The study period of the project

Two years (October 2019- September 2021)

Ethical approval

This study proposal was reviewed and approved by the Ethic Committee (No. 187), University of Health Sciences, Ministry of Health, Lao PDR on 26th June 2019 and the Institutional Review Board for Clinical Research (No.
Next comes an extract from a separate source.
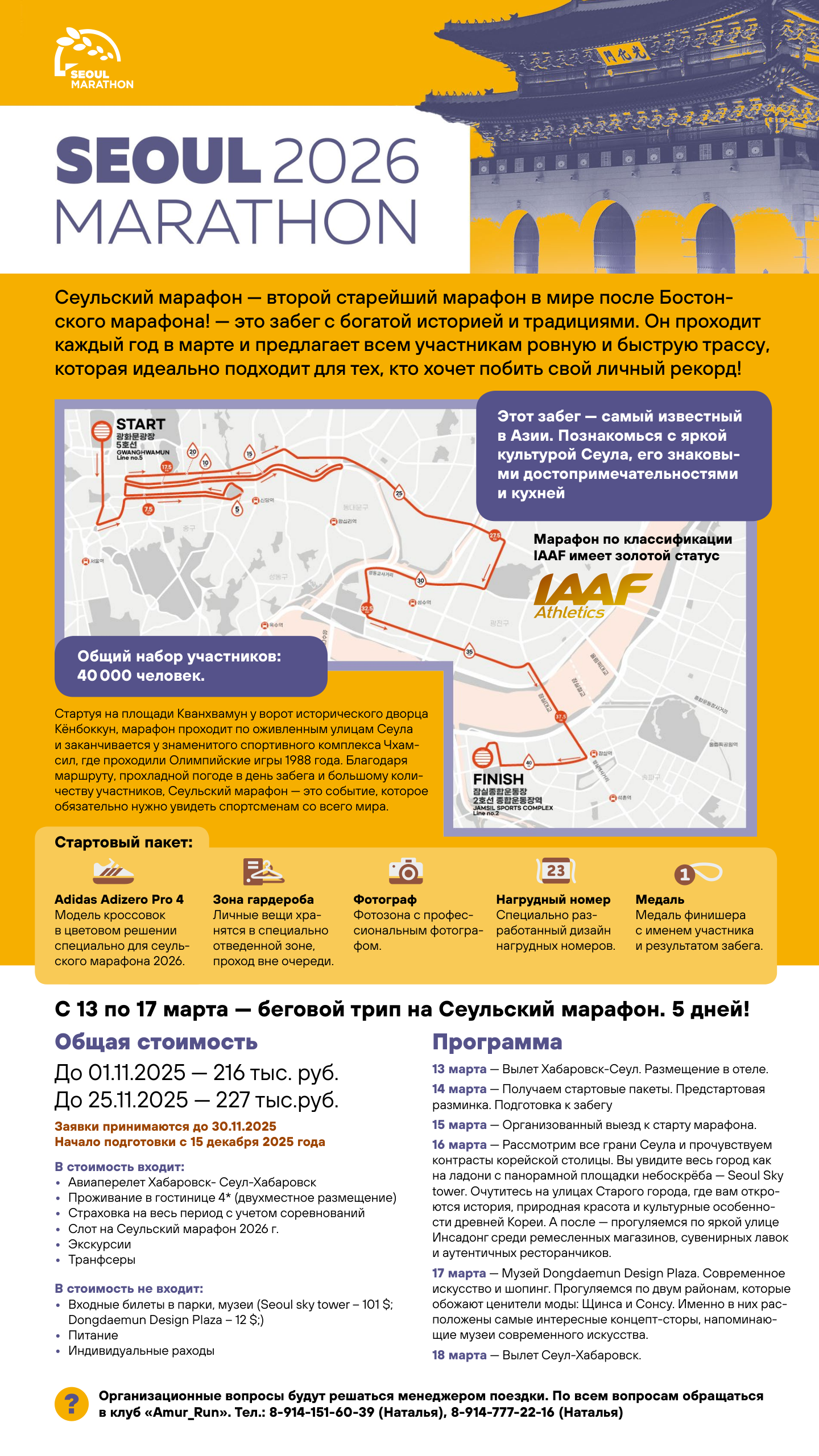С 13 по 17 марта – Беговой трип на Сеульский марафон. 5 дней!

NCGM-G-003300-00), National Center for Global Health and Medicine (NCGM), Japan on 27th September 2019. Permission of importation of 5-ALA PO4 (No. 9330) was also obtained from the Department of Food and Drug, Ministry of Health, Lao PDR on 20th September 2019.

Methodology

After having provided informed consent, potential participants will be enrolled in a screening during which all inclusion/exclusion criteria, including laboratory assessments, will be checked for eligibility. If full eligibility is confirmed, the participants will be randomized to three arms: Arm 1: 5-ALA PO4 25 mg/ day + SFC 28.7 mg + Zinc 10 mg (12 months), Arm 2: Placebo + SFC 28.7 mg + Zinc 10 mg (3, 6 or 9 months*) and then 5-ALA PO4 25 mg/day + SFC 28.7 mg + Zinc 10 mg (3, 6 or 9 months) or Arm 3: SFC 28.7 mg + Zinc 10 mg (12 months). Interim Analysis will be carried out at 3, 6 or 9 months (Figure 1).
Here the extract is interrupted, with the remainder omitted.